━━━ Given data ━━━

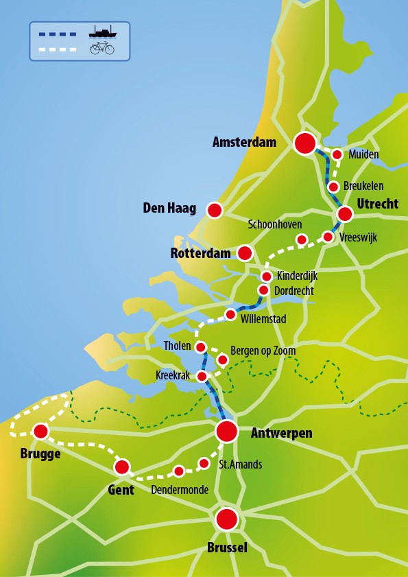 During the day you will cycle to world famous destinations such as Amsterdam, Dordrecht, Antwerp, Ghent and Bruges, while at night you will relax in the comfort of your floating hotel.
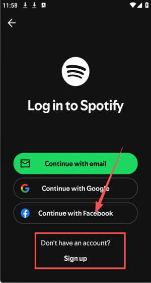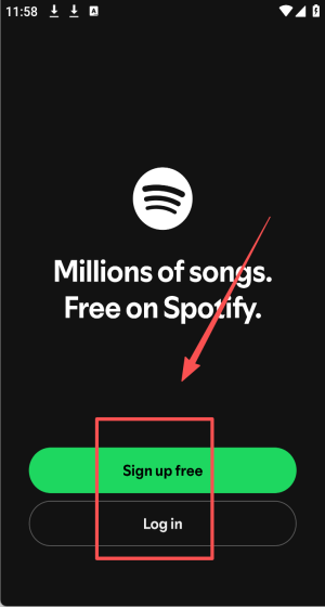 1、打开Spotify点中间Signup free,先选免费注册再登录享受千万曲库。
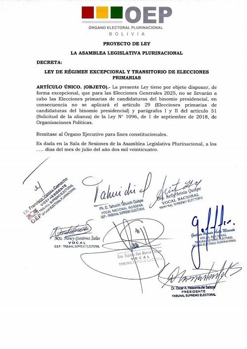 “La presente ley tiene por objeto disponer de forma excepcional que para las elecciones generales 2025, no se llevaran a cabo las elecciones primarias de candidaturas del binomio presidencial, en consecuencia, no se aplicará el articulo 29 (elecciones primarias de candidaturas del binomio presidencial), y parágrafos I y II del articulo 51 (Solicitud de alianza) de la ley 1096, de 1 de septiembre de 2018, de organizaciones políticas”, señala el proyecto de ley.
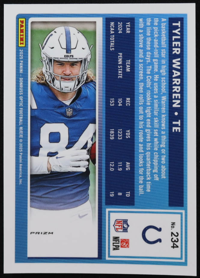 Tyler Warren 2025 Donruss Optic Purple Shock #234 RR RC
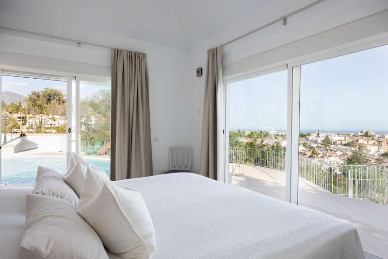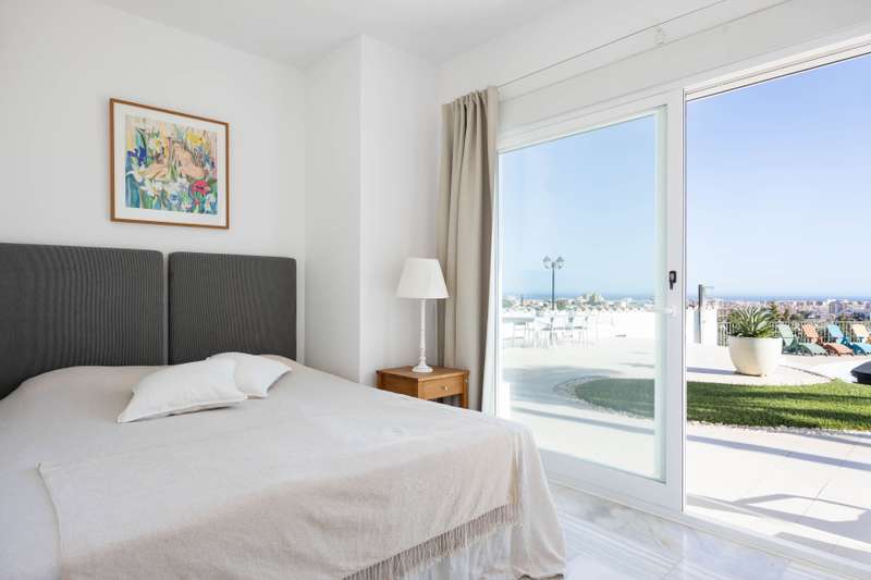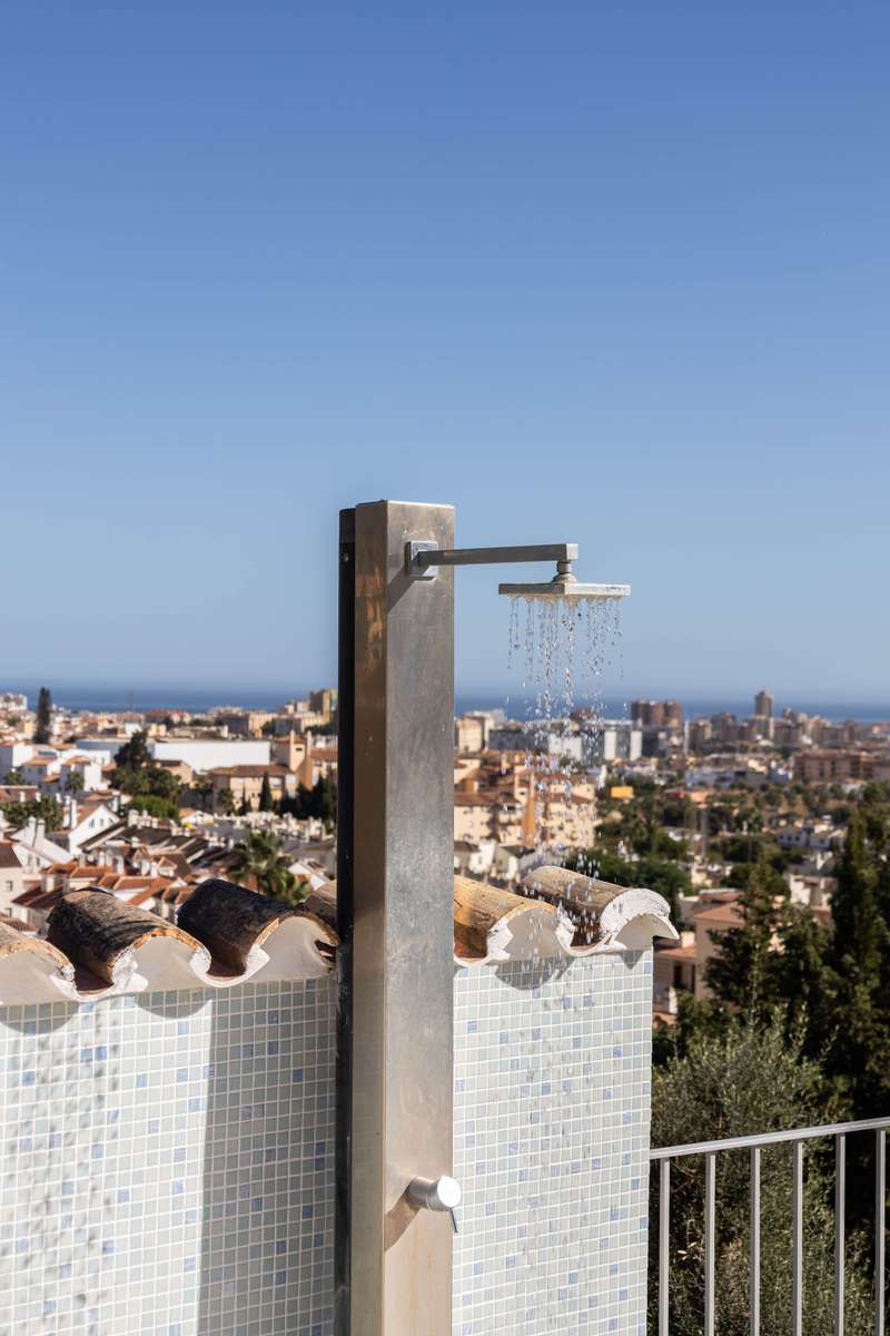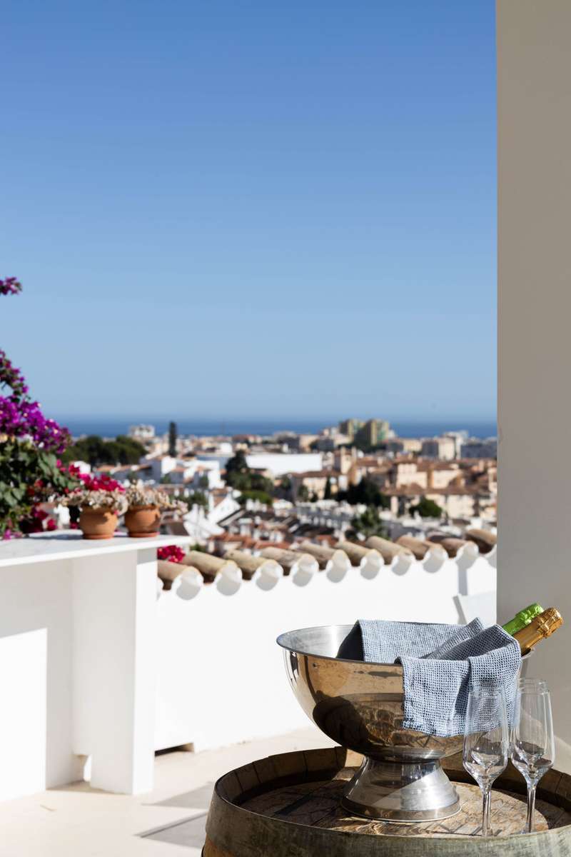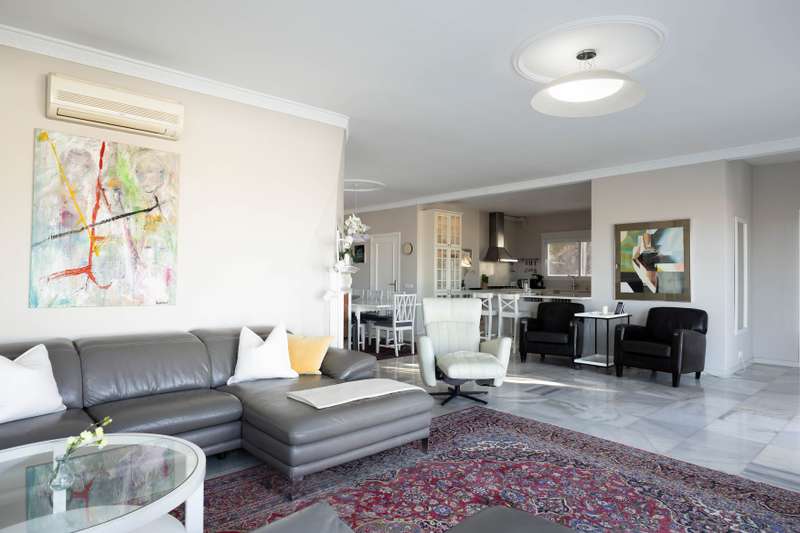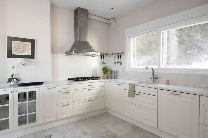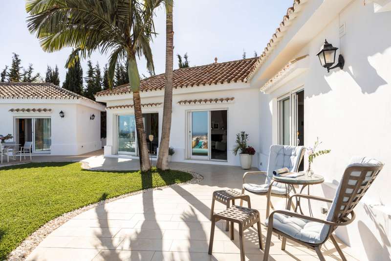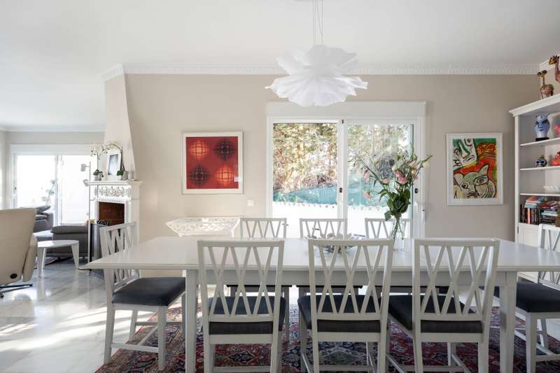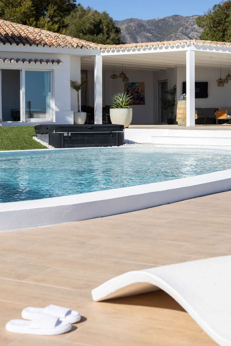 Welcome to this stunning, fully renovated villa in Mijas just a short walk from Fuengirola Centre and the beach. This exceptional home perfectly blends space, style, and comfort, offering the essence of the Costa del Sol lifestyle. Located near all amenities in Las Lagunas, including shops, schools, restaurants, and sports facilities, and just minutes from several of the area’s most prestigious golf courses, this property enjoys a truly privileged setting. With a generous built area, the villa has been beautifully modernized throughout and features a garage for two cars plus a carport for three more. Inside, you are greeted by a spacious, light-filled living room with large glass doors opening onto the terrace and pool area. The elegant design, generous layout, and cozy fireplace create a warm and inviting atmosphere. A guest toilet adds convenience on this level. The living area flows seamlessly into a modern open-plan kitchen, finished in marble and equipped with top-of-the-line
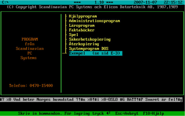 – Vi hade ett Meny-program som var poppis på DOS-tiden när alla program låg utspridda på hårddisken och du inte kom ihåg sökvägarna. Där kunde du bygga ditt egna ”frågespel” via ett enkelt (ironi!) makro-språk i det grå fältet i nederkant, säger Peter Härder, som arbetat på SPCS sedan 1995.
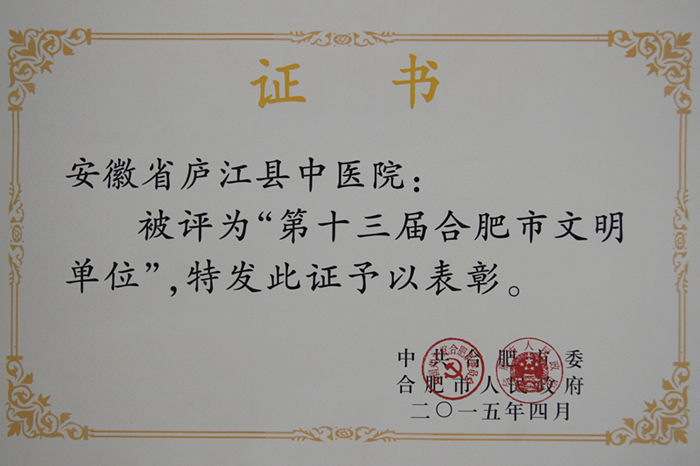 近日,合肥市市委、合肥市市政府命名表彰了合肥市第十三届文明单位,我院再次荣获这称号。这也是我院连续两届荣获这殊荣。 近年来,我院以建设文明、高效、廉洁医院为目标,进步加强作风建设,促进精神文明与医院文化的有机融合,充分调动员工参与精神文明建设的积性、主动性、创造性,推动我院精神文明建设工作的常态化开展。 医院将在今后的创建工作中珍惜荣誉,再接再厉。继续推动医院科学发展、和谐发展,不断开创医院精神文明建设工作的新局面,为打造文明、和谐的新合肥作出更大贡献。

━━━

Leave out any pictures, please, and quote only the lines from the top of the data through the line that contains "Tyler Warren 2025".

Response
 During the day you will cycle to world famous destinations such as Amsterdam, Dordrecht, Antwerp, Ghent and Bruges, while at night you will relax in the comfort of your floating hotel.
 1、打开Spotify点中间Signup free,先选免费注册再登录享受千万曲库。
 “La presente ley tiene por objeto disponer de forma excepcional que para las elecciones generales 2025, no se llevaran a cabo las elecciones primarias de candidaturas del binomio presidencial, en consecuencia, no se aplicará el articulo 29 (elecciones primarias de candidaturas del binomio presidencial), y parágrafos I y II del articulo 51 (Solicitud de alianza) de la ley 1096, de 1 de septiembre de 2018, de organizaciones políticas”, señala el proyecto de ley.
 Tyler Warren 2025 Donruss Optic Purple Shock #234 RR RC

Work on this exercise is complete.